▸ **Source data**

★ ★ ★ ★

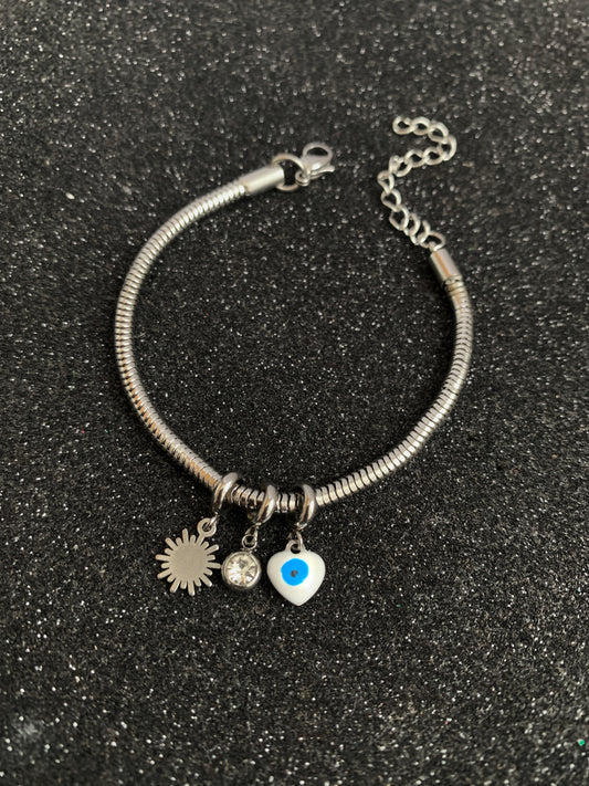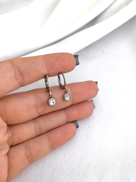 Argolinha trava encaixe com pingente ponto de luz de aço
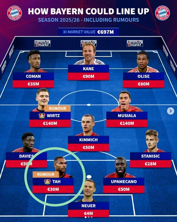 매체는 4-3-3 포메이션을 내세웠다. 공격에는 해리 케인, 킹슬리 코망, 마이클 올리세가 자리했다. 중원에는 플로리안 비르츠, 자말 무시알라, 요슈아 키미히가 배치됐다. 포백은 알폰소 데이비스, 요나단 타, 다요 우파메카노, 요시프 스타니시치가 이름을 올렸고, 골키퍼는 마누엘 노이어의 몫이었다.
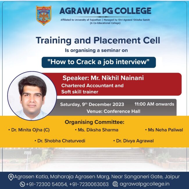 Elevate your interview game with insights from distinguished Chartered Accountant and Soft Skill Trainer, Mr. Nikhil Nainani. Organized by the Training and Placement Cell, this event is your gateway to career success. Don’t miss out on the seminar that could shape your professional future!
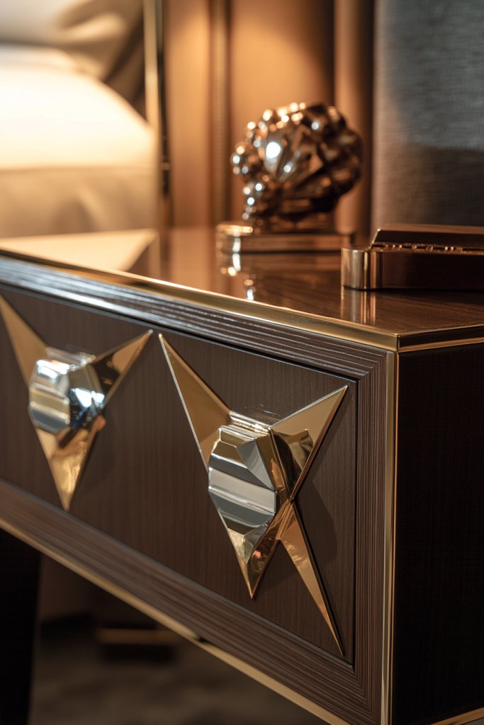 Small details can make or break a design, especially in a luxe art deco bedroom. Upgrading your furniture hardware to geometric or stepped brass and chrome pulls instantly elevates the look.

★ ★ ★ ★

▸ **What the exercise asks**
Transcribe the lines above exactly, setting aside any picture among them.

▸ **Completed task**
 Argolinha trava encaixe com pingente ponto de luz de aço
 매체는 4-3-3 포메이션을 내세웠다. 공격에는 해리 케인, 킹슬리 코망, 마이클 올리세가 자리했다. 중원에는 플로리안 비르츠, 자말 무시알라, 요슈아 키미히가 배치됐다. 포백은 알폰소 데이비스, 요나단 타, 다요 우파메카노, 요시프 스타니시치가 이름을 올렸고, 골키퍼는 마누엘 노이어의 몫이었다.
 Elevate your interview game with insights from distinguished Chartered Accountant and Soft Skill Trainer, Mr. Nikhil Nainani. Organized by the Training and Placement Cell, this event is your gateway to career success. Don’t miss out on the seminar that could shape your professional future!
 Small details can make or break a design, especially in a luxe art deco bedroom. Upgrading your furniture hardware to geometric or stepped brass and chrome pulls instantly elevates the look.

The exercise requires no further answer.